Insulate a pumice stone wall with solid wood

  • Erstellt am 2020-11-12 18:56:28

Glaetzie

2020-11-12 18:56:28
  • #1
I want to try cladding a house wall with solid wood sheet piling in 2 layers.
It consists of 12cm simple pumice stone. In winter, the wall is ice cold...
1. Two times 60mm sheet piling. First layer applied vertically directly onto the masonry. (Each piece of wood is drilled and dowelled to the masonry).
2. Then the second layer of 60mm sheet piling screwed horizontally onto the first layer.
3. Battens 30mm thick applied vertically. This will certainly be sufficient as ventilation.
4. Screw facade cladding onto the battens.

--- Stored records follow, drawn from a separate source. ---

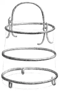 Fig. 3. This bucket (represented in fig. 3) appeared to have been about a foot high; the lower hoop was a foot in diameter, and the upper hoop exactly ten inches. A somewhat similar bucket is represented in one of the plates of Douglas's Nenia. The hooked feet appear to have been intended to support the wood, and prevent its slipping in the bucket. From the similar hook found in the grave No. 1, and the fragments of hoops in the smaller grave, I am inclined to think that similar buckets were originally placed in both. A little higher up in the grave, in the position generally occupied by the right leg of the person buried, was found a considerable heap of fragments of iron, among which were a boss of a shield of the usual Saxon form (fig. 4), a horse's bit (fig. 5), (which appears to be an article of very unusual occurrence), a buckle (fig. 7) and other things which appear to have belonged to the shield, a number of nails with large ornamental heads, with smaller nails, the latter mostly of brass.
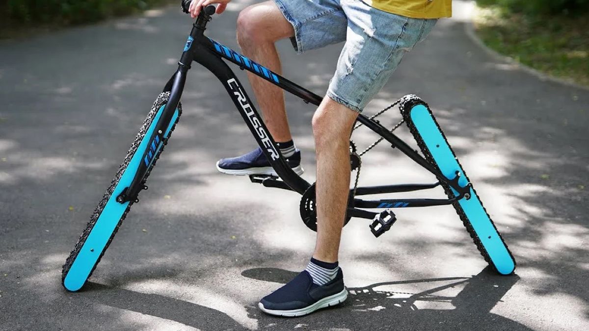 В нынешнем проекте инженер снова бросает вызов классической концепции велосипедной ходовой, заменив проверенные временем круглые колеса со спицами конструкциями пенальной формы с натянутыми снаружи гусеничными лентами.
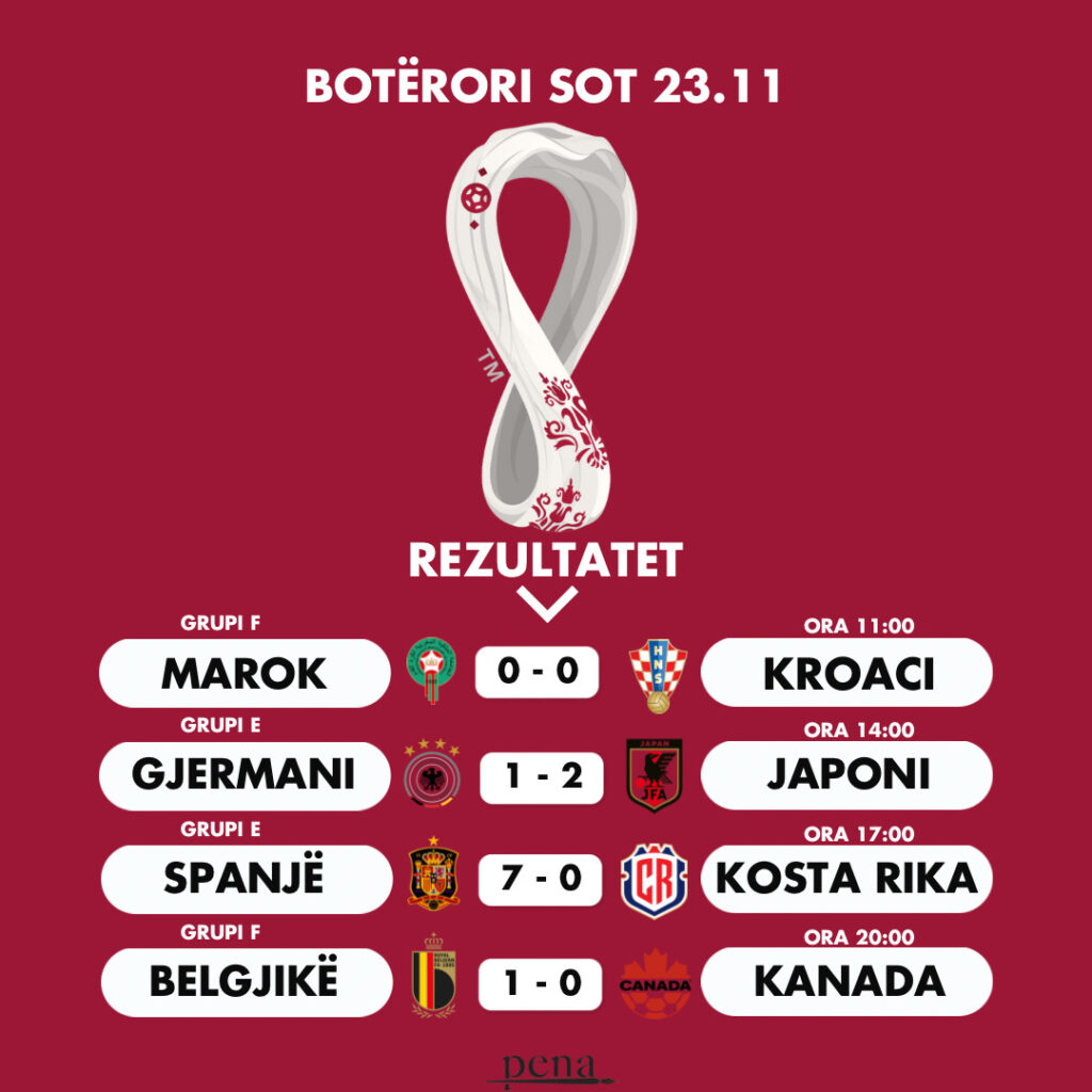 Dita e katërt e Botërorit patjetër qe do të sjellë me vete emocione dhe tronditje ku padyshim humbja e Gjermanisë 1-2 ndaj Japonisë ka luhatur pozitat e saj në një grup shumë delikat në të cilin ndodhet dhe Spanja e cila nga ana tjetër zhvilloi një ndeshje “stërvitore” duke mundur Kosta Rikën 7-0. Kroacia ngec ndaj Marokut dhe i jep mundesinë Belgjikës të marrë kreun e Grupit F pasi mundi Kanadanë minimalisht 1-0.

Basically, I am optimistic that this should actually work well.
It would be much easier, however, to first apply battens and then start the wall construction as described above.
With a direct connection of the wood to the masonry, the wood would have to dissipate the moisture to the outside.
If there is battens between the wood insulation layer and the masonry, I fear that water will condense on the wall and, if not ventilated behind, mold could form there.
Ventilating directly at the wall at that point doesn’t seem right. Or am I mistaken? What do the experts think?
I would be very happy to receive some well-founded statements and thank you in advance.
 

knalltüte

2020-11-12 19:02:17
  • #2
Hi, if you really only have 12cm of pumice stone, put some "real" insulation in front of it if you have the space. A curtain wall could look like this, for example: About 8-10cm thick battens on the pumice stones, with rock wool/mineral wool in between. Then a breathable underlay membrane + battens, then vertical cladding as a bottom/top cladding (e.g. larch). I did something similar and it worked quite well.
 

Glaetzie

2020-11-12 19:12:07
  • #3
Yes, I understand that, but since I work in a sawmill, the insulating material itself costs me almost nothing (reject material) and I know some people with solid wood walls who only report the best, I want to take a path off the beaten track. I don't want any foils, no vapor barriers, etc. I want to work purely with the material wood. I'm just not sure about the construction and hope to get expert advice here. Thank you very much
 

knalltüte

2020-11-13 08:29:07
  • #4
So the solid wood houses of my sister and my parents (both log houses) actually had only about 12-14 cm of solid wood. That was enough back then (about 20 years ago) to meet the energy saving ordinance. But even then it was about airtightness, so insulation strips between the logs so that no drafts occurred ;-) If you put a (relatively) dense wooden panel in front of the pumice, it will provide some insulation effect. However, the wood must be protected from the outside (constructively always better than chemically) and the dew point must not lie within the wooden wall (this needs to be calculated, but for that the exact values (the thermal transmittance coefficients) of the materials would have to be known ... is this known for the leftover wood?)
 

LordNibbler

2020-11-13 09:09:04
  • #5
Doesn't one need a wood mass that ultimately becomes a self-supporting shell around the house for an insulating effect?

It seems that the OP wants to save money by using inexpensive production scraps. However, I don't believe that this will result in a satisfactory balance in the triangle of forces price <-> insulation effect <-> building physics.
 

nordanney

2020-11-13 09:51:08
  • #6
The approach you want can be implemented like that. However, you must be aware that the effect is only marginal. The U-value of the finished wall is still really bad (I just calculated it). You still have cold walls. In addition, you have poor dew point shifting - everything will get wet (calculated with spruce and oak). Whether ventilation is sufficient if the moisture penetrates the masonry, I cannot assess. For that, I am too much of a layman.

P.S. Calculated with airtight wooden layers. Not with gaps etc. Probably somewhat drier then, but with missing insulation effect.